440529 Impacts of Relative Permeability on Subsurface CO2 Mineralization and Storage

Friday, November 13, 2015: 10:35 AM
250E (Salt Palace Convention Center)
Brian McPherson1, Vivek Patil2, Nathan Moodie2, Adam Olsen2, Daniel Stout3 and Richard Esser2, (1)Civil Engineering, University of Utah, Salt Lake City, UT, (2)Department of Civil and Environmental Engineering, University of Utah, Salt Lake City, UT, (3)Department of Civil and Environmental Engineering, University of Utah, Salt Lake city, UT

One of the greatest sources of uncertainty associated with forecasting subsurface CO2 storage capacity, and associated trapping mechanisms, is permeability heterogeneity.  And, an often-overlooked source of heterogeneity in permeability is the relative permeability function assumed, and its calibration. A seemingly common approach to relative permeability for CO2 storage simulation analyses, due to lack of information, is to assume a “typical” relative permeability function and assign parameters based on similar rock type and geologic setting. We evaluated how such a nearly-arbitrary approach to assigning relative permeability can impact forecasts of storage capacity, and mineralization trapping in particular.
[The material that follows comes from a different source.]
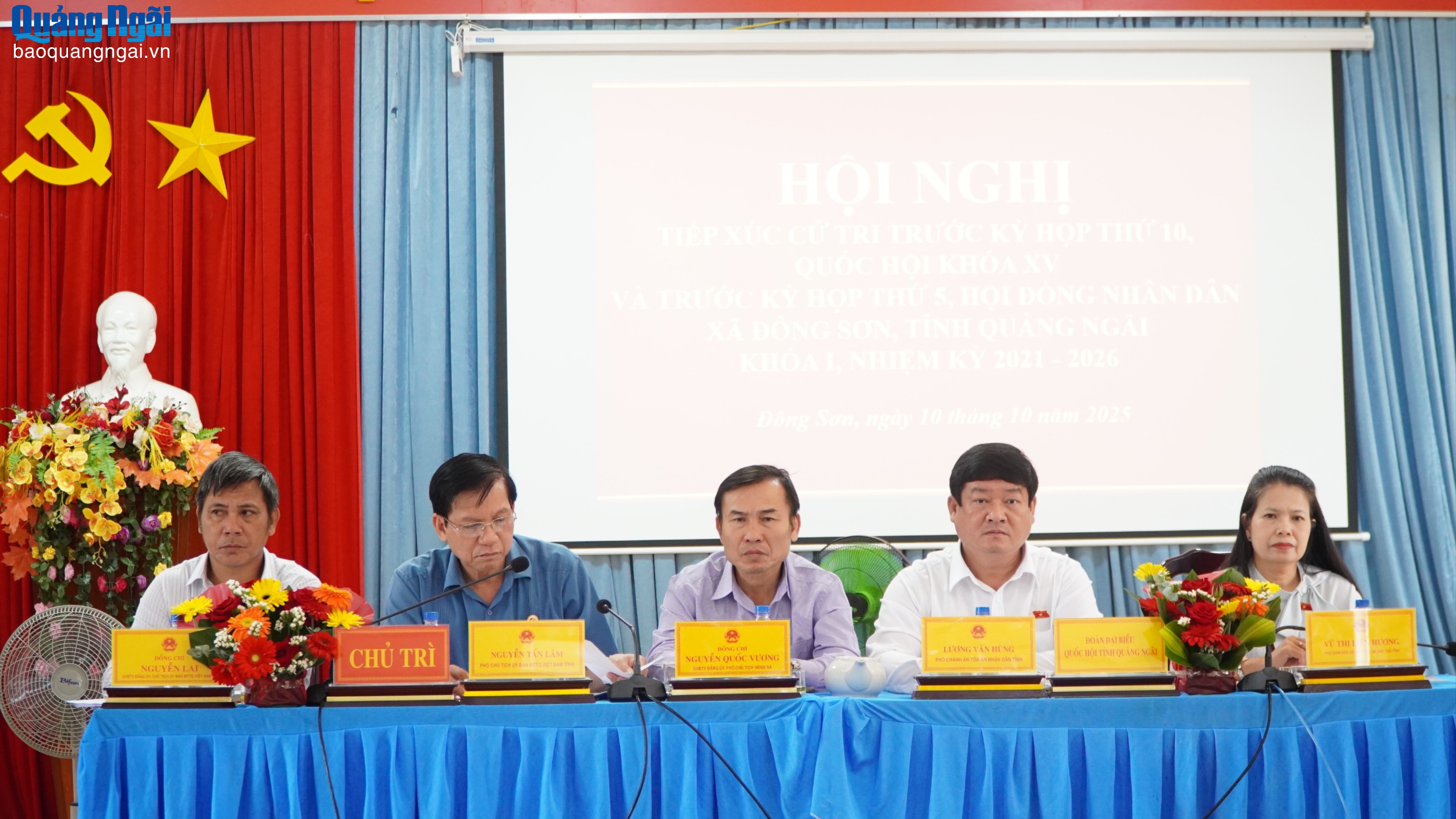 Tại buổi tiếp xúc, cử tri xã Đông Sơn bày tỏ sự phấn khởi, tin tưởng vào sự lãnh đạo của Đảng, sự điều hành linh hoạt của Nhà nước trong thời gian qua. Kinh tế, xã hội tiếp tục phục hồi, an sinh xã hội được đảm bảo, đời sống nhân dân ổn định và từng bước được cải thiện.

We developed and executed the same simulation model of a porous medium but with four different relative permeability curves (functions), and examined the evolution of gas saturation, calcite precipitation, and for a simulated fault, the fault porosity and fault sealing rate, for these different relative permeability formulations. Assigning one permutation as the “base case” for comparison, gas saturation varied considerably among the four models.  But, substantial differences in predictions of calcite precipitation were even more compelling. Accordingly, porosity evolution in the base-case model showed a trend where precipitated minerals formed early on and then dissolved in later stages of the simulations. Specifically, a ‘dissolution front’ moved up depth along flow pathways over time. For simulations of a generic fault zone with a marked contrast in porosity and permeability, using different relative permeability assignments also impacted predictions of fault self-sealing rates. At the top of the fault, each formulation predicted different sealing rates. For example, a van Genuchten formulation forecasted fault-sealing at almost twice the rate as a Corey formulation. The upshot of these results is that relative permeability assignment is a critical variable that must be calibrated with care; otherwise, perhaps a simple linear formulation will be just as meaningful as any other.